Action item: Your copy should hold only the lines from the one with "In this fresh" to the one with "de Madame Josiane OLIVRAIN née JUIFF", both included, each exactly as it stands below, with no pictures.

Material provided:
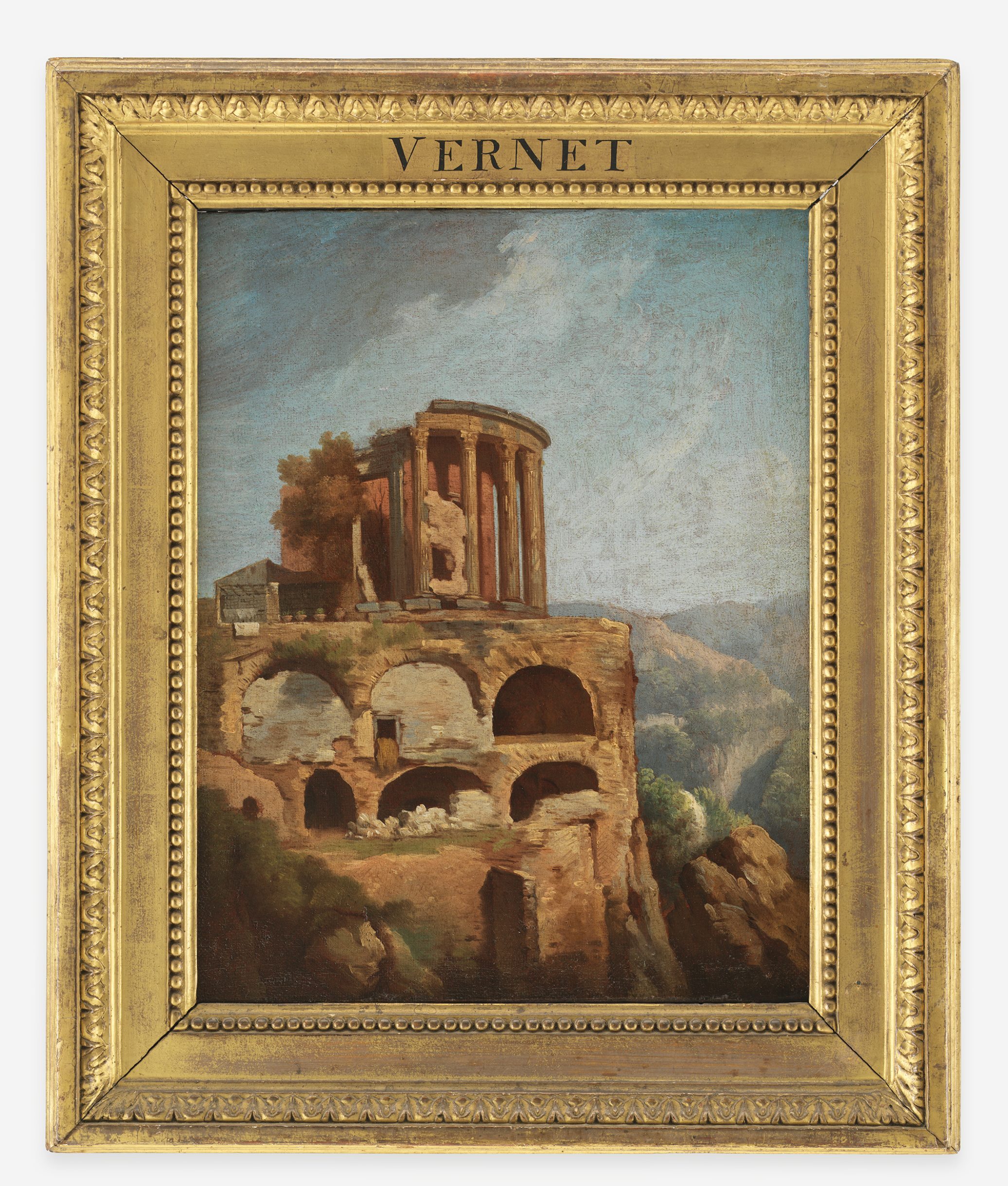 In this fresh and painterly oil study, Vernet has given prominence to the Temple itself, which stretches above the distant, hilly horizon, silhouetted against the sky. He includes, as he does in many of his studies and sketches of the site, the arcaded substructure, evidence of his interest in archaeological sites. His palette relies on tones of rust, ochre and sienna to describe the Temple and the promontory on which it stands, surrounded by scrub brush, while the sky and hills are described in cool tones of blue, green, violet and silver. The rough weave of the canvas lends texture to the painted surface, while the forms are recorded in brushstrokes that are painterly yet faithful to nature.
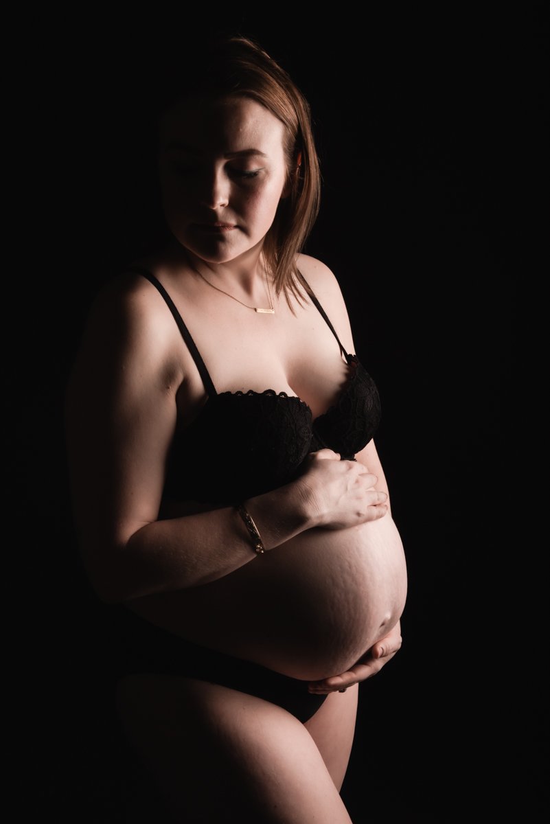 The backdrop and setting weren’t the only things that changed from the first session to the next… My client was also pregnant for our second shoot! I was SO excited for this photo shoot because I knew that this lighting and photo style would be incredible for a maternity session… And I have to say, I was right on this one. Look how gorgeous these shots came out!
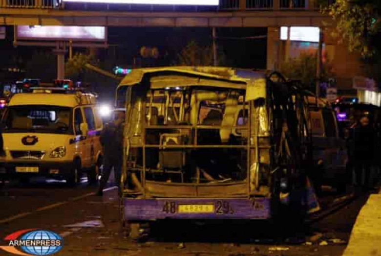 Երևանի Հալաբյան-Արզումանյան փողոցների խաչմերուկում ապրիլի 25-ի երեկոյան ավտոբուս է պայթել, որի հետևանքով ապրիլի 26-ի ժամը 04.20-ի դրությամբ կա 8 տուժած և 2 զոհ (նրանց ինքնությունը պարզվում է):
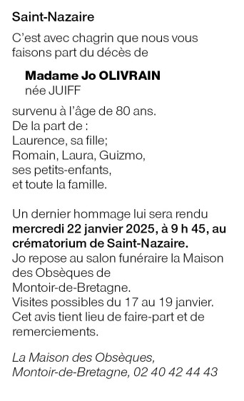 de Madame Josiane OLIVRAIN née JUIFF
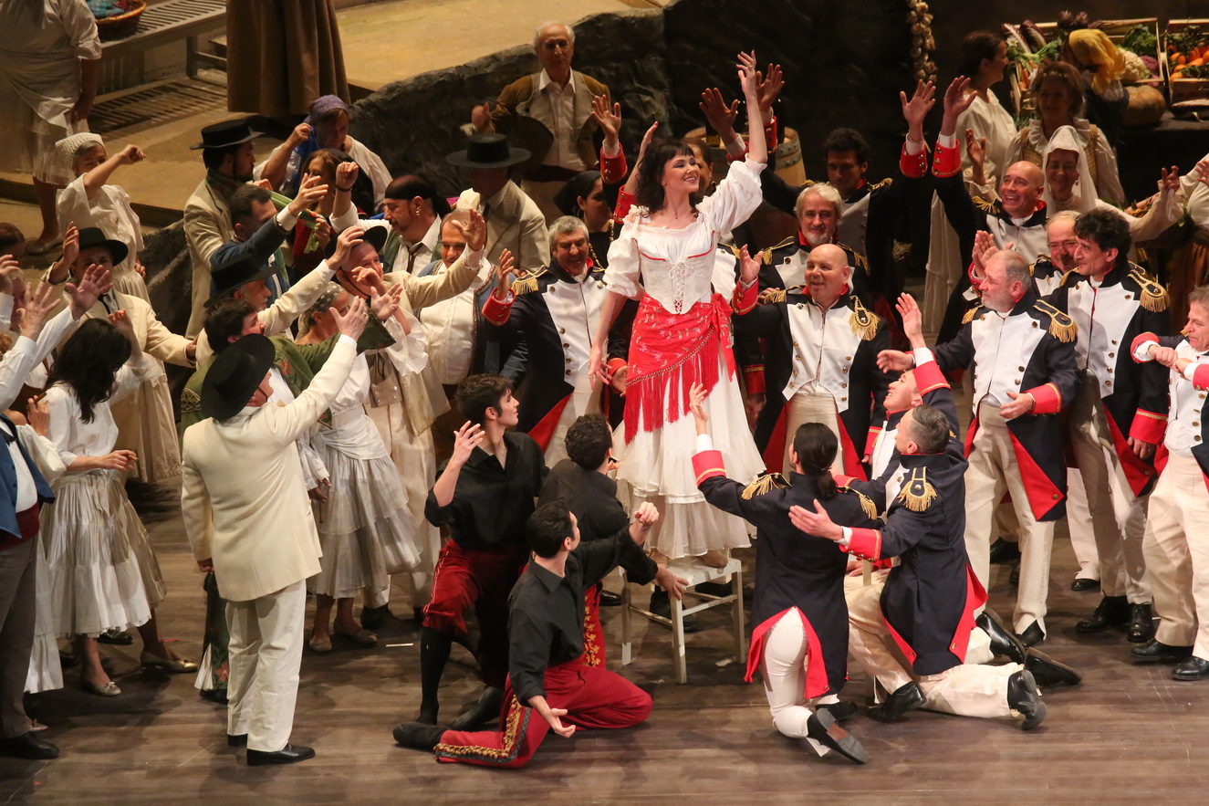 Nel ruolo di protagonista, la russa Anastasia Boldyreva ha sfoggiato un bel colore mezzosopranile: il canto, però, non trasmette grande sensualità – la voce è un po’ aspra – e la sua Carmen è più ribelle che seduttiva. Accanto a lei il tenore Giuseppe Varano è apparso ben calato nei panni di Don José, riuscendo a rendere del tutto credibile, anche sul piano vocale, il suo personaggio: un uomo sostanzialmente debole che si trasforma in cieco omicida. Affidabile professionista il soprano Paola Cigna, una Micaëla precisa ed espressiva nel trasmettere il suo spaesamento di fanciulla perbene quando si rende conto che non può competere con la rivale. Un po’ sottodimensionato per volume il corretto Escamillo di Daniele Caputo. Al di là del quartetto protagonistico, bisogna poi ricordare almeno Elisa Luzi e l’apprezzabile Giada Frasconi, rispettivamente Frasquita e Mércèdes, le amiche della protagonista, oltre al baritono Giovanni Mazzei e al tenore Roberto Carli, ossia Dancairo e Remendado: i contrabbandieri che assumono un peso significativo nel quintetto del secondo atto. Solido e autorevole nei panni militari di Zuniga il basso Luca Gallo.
* * *
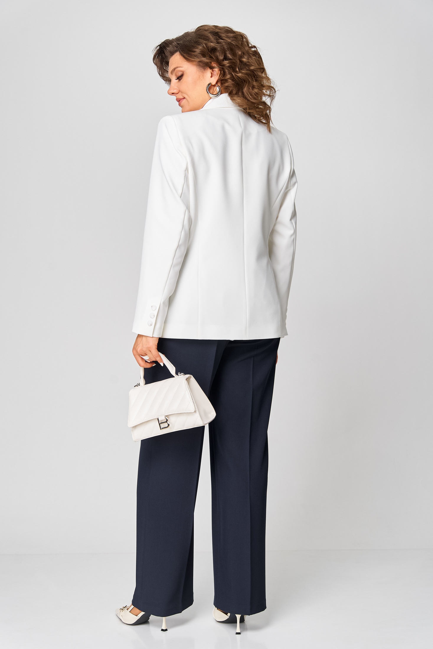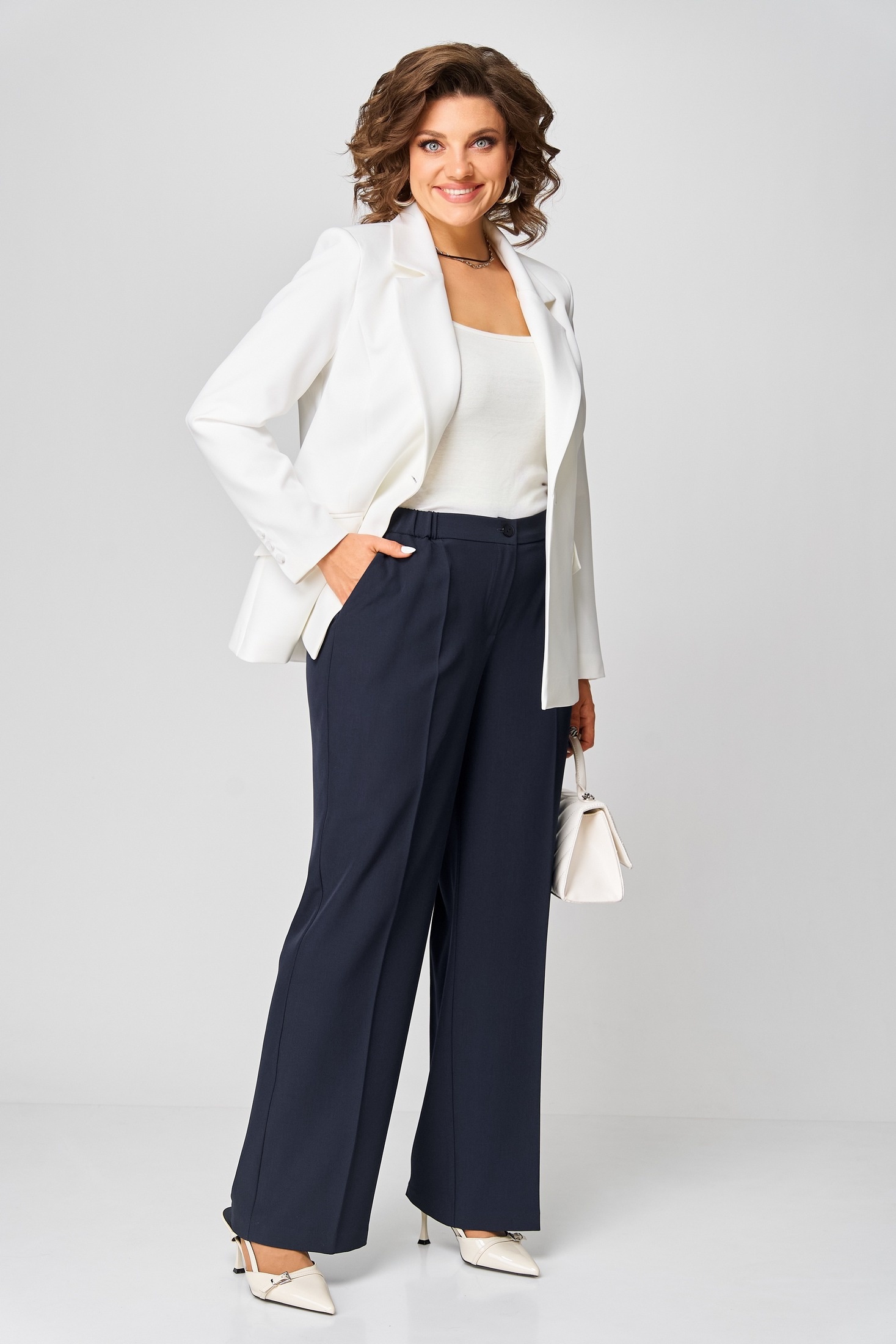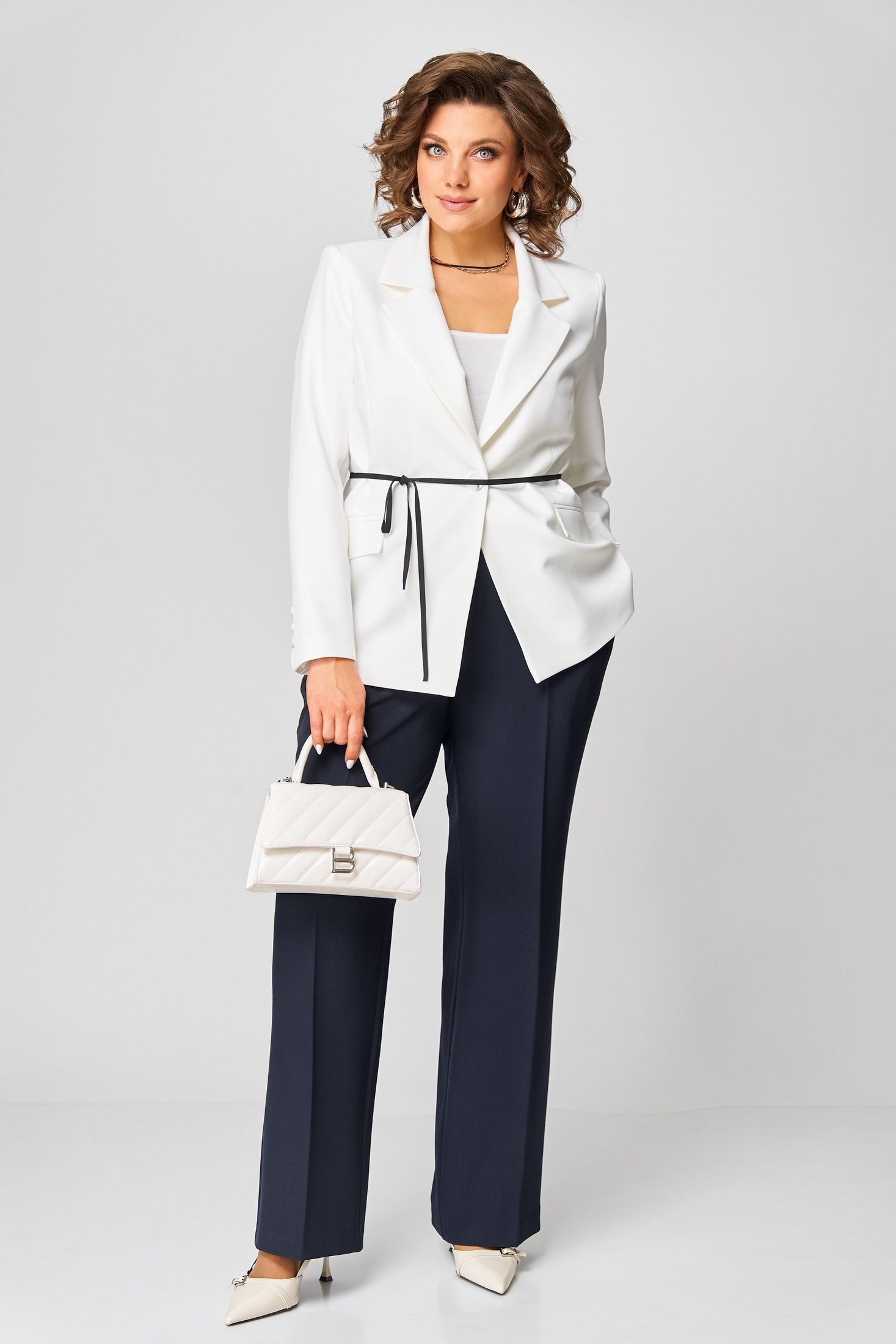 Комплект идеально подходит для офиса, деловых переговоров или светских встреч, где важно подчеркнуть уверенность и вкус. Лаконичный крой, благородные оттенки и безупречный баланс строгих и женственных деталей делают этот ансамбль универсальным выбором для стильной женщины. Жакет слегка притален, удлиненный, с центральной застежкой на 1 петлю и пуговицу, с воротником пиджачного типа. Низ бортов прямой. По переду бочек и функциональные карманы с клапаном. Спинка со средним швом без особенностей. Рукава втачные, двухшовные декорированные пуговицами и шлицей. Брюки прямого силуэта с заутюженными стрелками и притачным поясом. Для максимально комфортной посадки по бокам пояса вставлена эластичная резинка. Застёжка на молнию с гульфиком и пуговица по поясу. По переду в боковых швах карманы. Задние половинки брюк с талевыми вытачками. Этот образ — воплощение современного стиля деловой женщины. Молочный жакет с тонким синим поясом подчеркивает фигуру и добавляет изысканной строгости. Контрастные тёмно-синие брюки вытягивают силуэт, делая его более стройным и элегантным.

Answer space:
 In this fresh and painterly oil study, Vernet has given prominence to the Temple itself, which stretches above the distant, hilly horizon, silhouetted against the sky. He includes, as he does in many of his studies and sketches of the site, the arcaded substructure, evidence of his interest in archaeological sites. His palette relies on tones of rust, ochre and sienna to describe the Temple and the promontory on which it stands, surrounded by scrub brush, while the sky and hills are described in cool tones of blue, green, violet and silver. The rough weave of the canvas lends texture to the painted surface, while the forms are recorded in brushstrokes that are painterly yet faithful to nature.
 The backdrop and setting weren’t the only things that changed from the first session to the next… My client was also pregnant for our second shoot! I was SO excited for this photo shoot because I knew that this lighting and photo style would be incredible for a maternity session… And I have to say, I was right on this one. Look how gorgeous these shots came out!
 Երևանի Հալաբյան-Արզումանյան փողոցների խաչմերուկում ապրիլի 25-ի երեկոյան ավտոբուս է պայթել, որի հետևանքով ապրիլի 26-ի ժամը 04.20-ի դրությամբ կա 8 տուժած և 2 զոհ (նրանց ինքնությունը պարզվում է):
 de Madame Josiane OLIVRAIN née JUIFF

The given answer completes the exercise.